(721c) Ultra-Stable Amorphous Teflon: Extreme Fictive Temperature Reduction As a Means to Probe Sub-Tg Dynamics | AIChE

(721c) Ultra-Stable Amorphous Teflon: Extreme Fictive Temperature Reduction As a Means to Probe Sub-Tg Dynamics


McKenna, G. - Presenter, Texas Tech University
Yoon, H., Texas Tech University
Simon, S., Texas Tech University
Koh, Y. P., Texas Tech University
We have succeeded in making ultra-stable films through physical vapor deposition of amorphous Teflon® on to substrates held at temperatures from 30.0 oC (303.2 K) to 116.7 oC (389.9 K) corresponding to approximately 0.75 to 0.97 times the glass temperature Tg of the vapor deposited materials. We find a maximum fictive temperature Tf reduction (compared to the Tg) of 57 oC and this opens a window for experimental investigation of deep glassy state behavior that is even greater than the 43.6 oC reduction seen in 20 million year old amber [1]. In that work samples could be tested using macroscopic rheometric methods to establish that the upper bounds to the relaxation times below the glass transition temperature deviate strongly from the notional Vogel-Fulcher type of super-Arrhenius behavior expected for glass-forming materials. These results remain to be reproduced. The present success in creating a low fictive temperature glass of amorphous Teflon® provides an opportunity to expand the window of investigation to even further below the glass temperature. However, unlike the amber samples which were large enough to use normal rheological measurements, the vapor deposition process produces samples of mass in the nano-to micro-gram range. Therefore nano-mechanical measurement methods are required to interrogate the viscoelastic response of the ultra-dense amorphous Teflon®. In the present investigation we are using the TTU nano-bubble inflation method [2,3] to determine the viscoelastic response of the ultra-dense material. By making measurements from the reduced Tf to above the Tg we are able to explore the deviations from super-Arrhenius behavior seen in the ancient amber, but now with a synthetic material that is readily reproduced, albeit in small quantities. Our current state of knowledge is that we have produced the ultra-stable amorphous Teflon® and carried out the first viscoelastic measurements of the material response in the temperature regime of interest.
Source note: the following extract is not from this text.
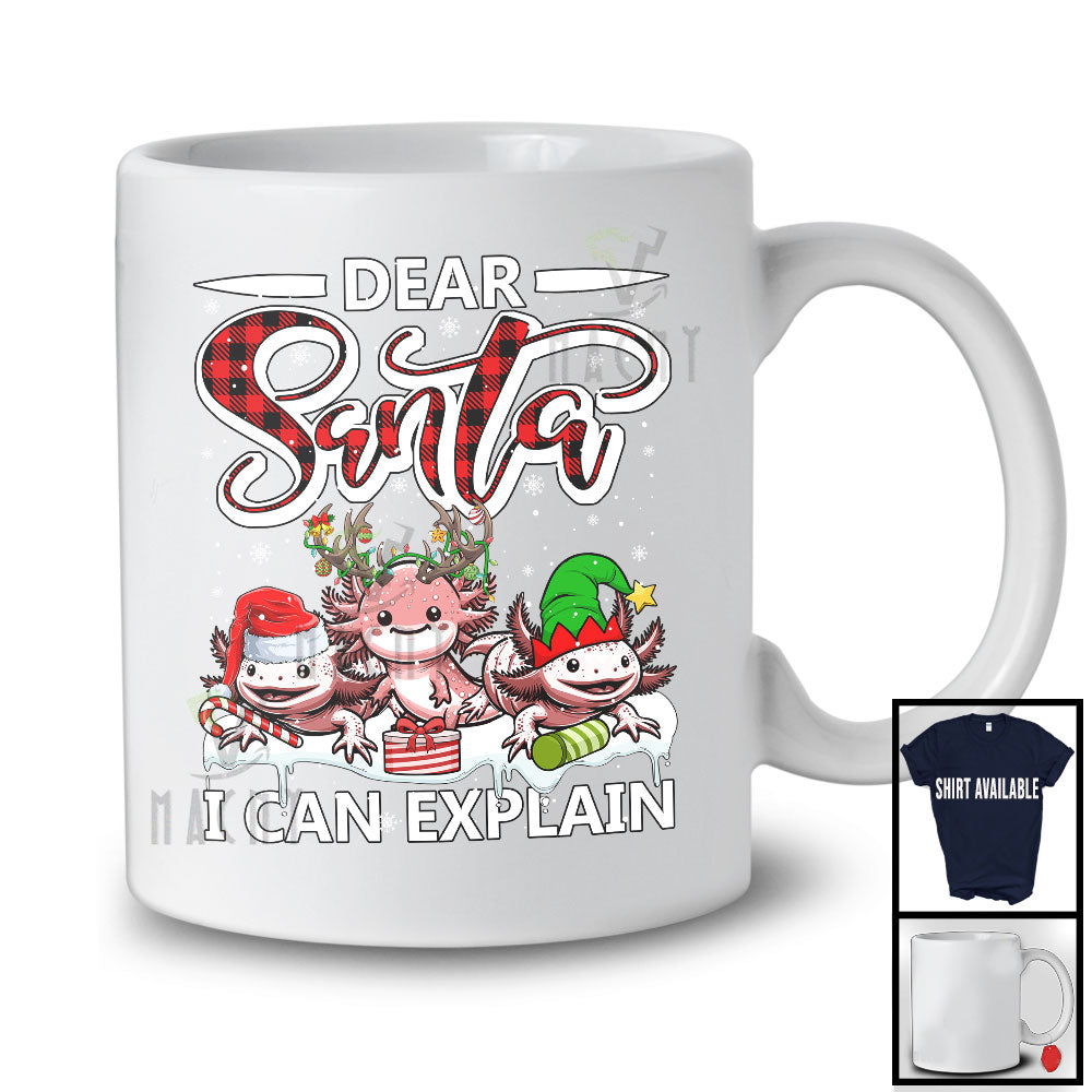 • Dear Santa I Can Explain; Awesome Christmas Red Plaid Three Axolotls; Snowing Around Family T-Shirt. This cotton t-shirt is a durable staple product with a classic fit. One of the most popular items, it has a relaxed style made for everyday and casual wear.

The full set of results and comparisons with the amber results will be presented and discussed.

[1] J. Zhao, S.L. Simon, and G.B. McKenna, "Using 20-million-year-old amber to test the super-Arrhenius behaviour of glass-forming systems," Nat. Comm., 4, 1783, (2013). DOI: 10.1038/ncomms2809

[2] P.A. O’Connell and G.B. McKenna, "Rheological Measurements of the Thermoviscoelastic Response of Ultrathin Polymer Films," Science, 307, 1760-1763 (2005).

[3] P.A. O’Connell and G.B. McKenna, "Novel Nanobubble Inflation Method for Determining the Viscoelastic Properties of Ultrathin Polymer Films," Rev. Sci. Inst., 78, 013901-1 – 013901-12 (2007).